Driving a Street Sweeper

Have you ever wondered what it’s like to drive a hulking mechanical street sweeper? This article places the work environments of professional street sweeper drivers into the spotlight, with first­-hand accounts on actually driving these machines.

The driving mechanics

Most street sweeper models drive differently from conventional vehicles. For example, the Elgin Pelican uses a rear-steering system; when you turn the steering wheel, the rear wheels move and not the front. While users of conventional vehicles might find this peculiar, street sweeper drivers find rear-wheel steering helpful as it provides much greater maneuverability.

Driving challenges

Jeff Manners has been a street sweeper driver for 23 years, and he said that the biggest challenge in driving the vehicle is the weather. For instance, it is practically impossible to sweep when snow is clogging the roads. Spring isn’t as friendly either; as the roads tend to be too wet and the vehicle would usually pick up water instead of dirt.

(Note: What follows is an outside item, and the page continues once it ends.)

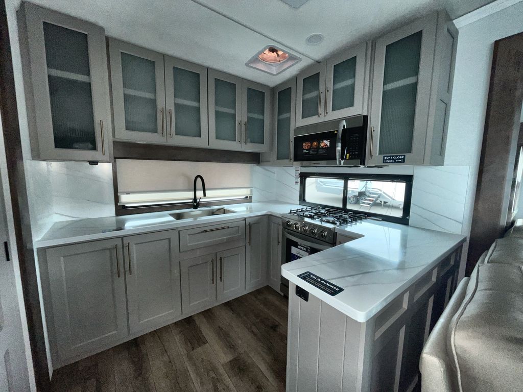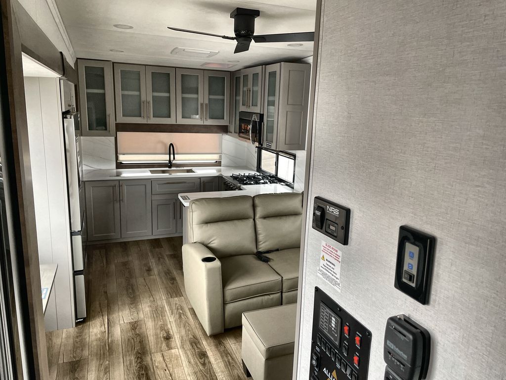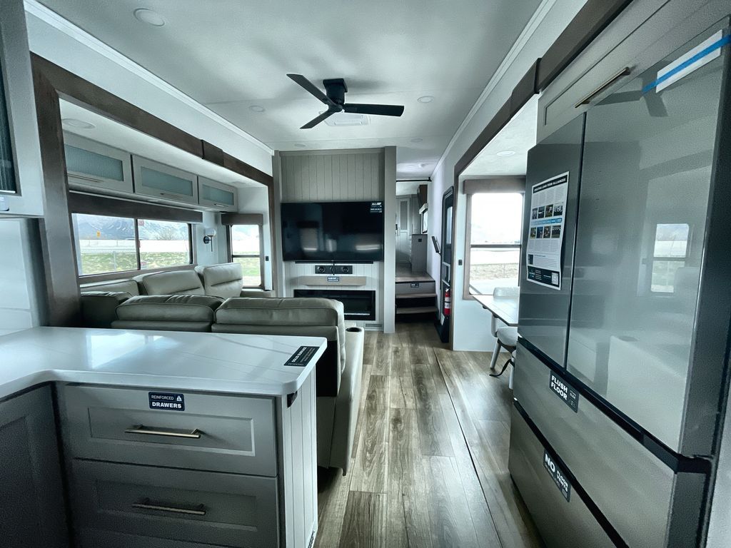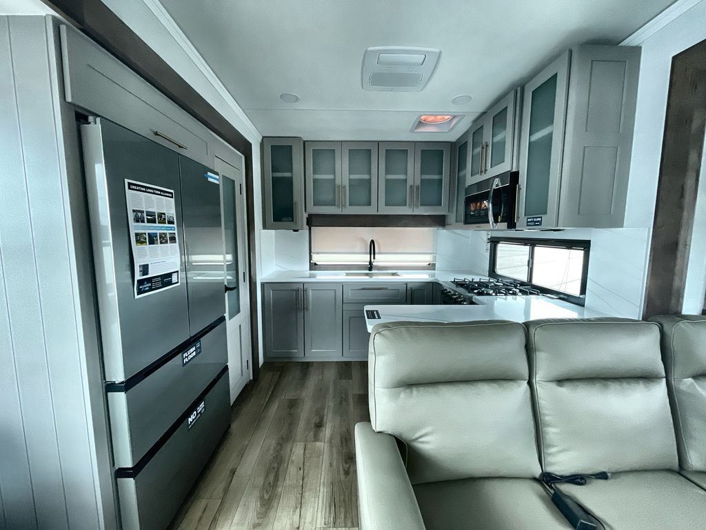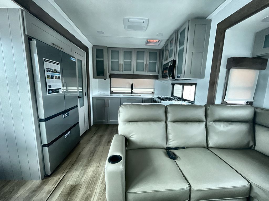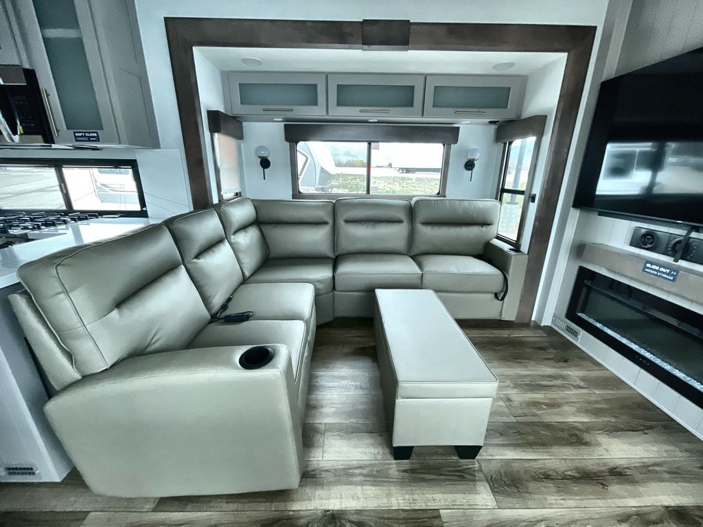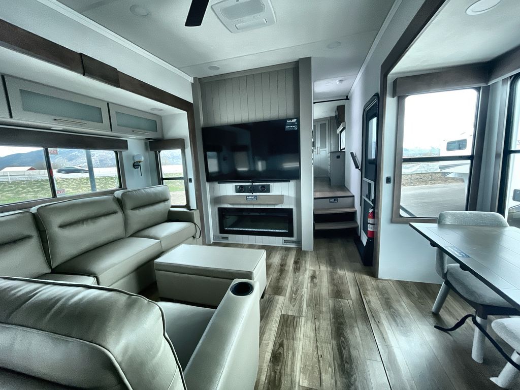 Escape the ordinary and experience the ultimate in luxury travel with this stunning fifth wheel! The rear kitchen is the heart of this fifth wheel, featuring a spacious pantry, 12V refrigerator, microwave, and overhead cabinets. Prepare delicious meals with ease and enjoy the convenience of a fully-equipped kitchen. Unwind in the spacious living area, featuring a plush trifold sofa, L-shape sofa, and a dual recliner love seat. Gather around the turntable dinette or relax in front of the stunning 65” TV. The full bathroom provides a serene space for personal care, while the front bedroom is a peaceful retreat with a comfortable queen bed and a flip-top dresser. Enjoy your favorite shows on the smart TV, perfect for relaxing after a day of adventure.

17-year veteran John Tucker noted that driving a street sweeper is much more complex than merely cruising down city streets in a monster truck. For a routine cleaning, a driver’s area of duty is divided into four quadrants, and it is his job to cover them in the shortest time possible while tending to the vehicle on the fly. Sweepers have engines in the front and back, which the driver must regularly check for oil and fluid levels.